Abstract

We propose a heuristic approach to the detection of evidence for recombination and gene conversion in multiple DNA sequence alignments. The proposed method consists of two stages. In the first stage, a sliding window is moved along the DNA sequence alignment, and phylogenetic trees are sampled from the conditional posterior distribution with MCMC. To reduce the noise intrinsic to inference from the limited amount of data available in the typically short sliding window, a clustering algorithm based on the Robinson-Foulds distance is applied to the trees thus sampled, and the posterior distribution over tree clusters is obtained for each window position.
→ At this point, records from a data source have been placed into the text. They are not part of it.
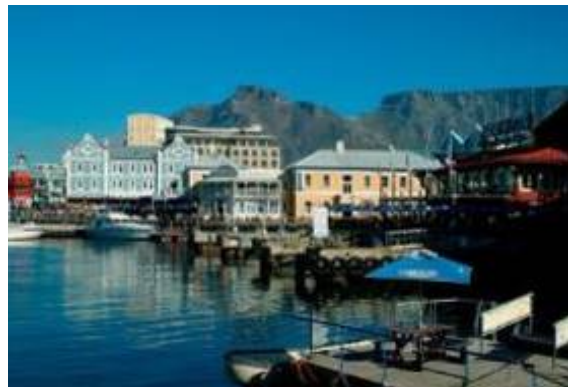
Victoria & Alfred Waterfront

Accommodation: Victoria and Alfred Hotel – Piazza Facing Room (B)
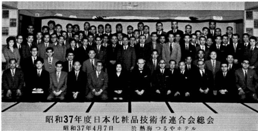
Officers and members of the Japanese Society of Cosmetic Chemists. Officers and "guests" kneeling.
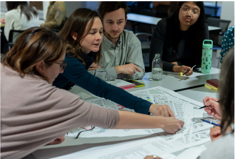
The East Somerville Main Streets team has their second planning meeting with stakeholders

In addition to receiving feedback from our Community Partners, we surveyed Payette staff about their experience participating in Day of Service efforts. Thirty-seven participants completed the survey. The survey showed that the majority (65%) of participants have been working at Payette for five years or less and it was an even split between those who are in leadership positions and those who are not. In addition, 94% of volunteers responded that participating in the Day of Service was a positive experience.
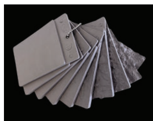
ICRI PROFILE PLASTIC CHIPSET 546 21 69-02
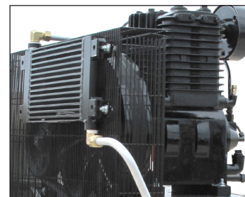
Air cooled after cooler Platinum unit
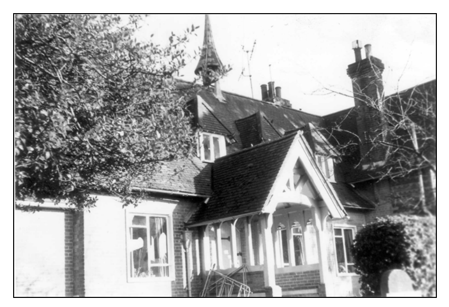
The school entrance, 1966
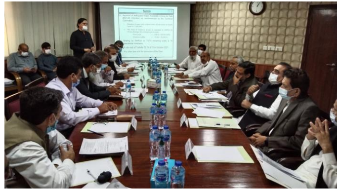
Chairman & Members IRSA attending IAC meeting
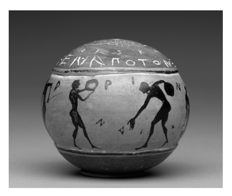
Fig. 1. Ball depicting palaistra scenes (central field): discus-throwers.

astic courtship scenes featuring gifts. While similar objects in clay imitating a toy ball have been found on Samothrace and Thasos in Hellenistic burials, the erotic scene, in particular, might have been considered more suitable for a hetaira than a young girl. Even so, it was deemed suitable to add an emphatic " \nu\alpha i \chi ı" (Fig. 1) after "Μυρρίνες εἰμί" (see below) – perhaps adding humour, or at least an acknowledgment that such artefacts with such decoration were not made for women on a regular basis.

While changes in this posterior distribution are indicative of recombination or gene conversion events, it is difficult to decide when such a change is statistically significant. This problem is addressed in the second stage of the proposed algorithm, where the distributions obtained in the first stage are post-processed with a Bayesian hidden Markov model (HMM). The emission states of the HMM are associated with posterior distributions over phylogenetic tree topology clusters. The hidden states of the HMM indicate putative recombinant segments. Inference is done in a Bayesian sense, sampling parameters from the posterior distribution with MCMC. Of particular interest is the determination of the number of hidden states as an indication of the number of putative recombinant regions. To this end, we apply reversible jump MCMC, and sample the number of hidden states from the respective posterior distribution.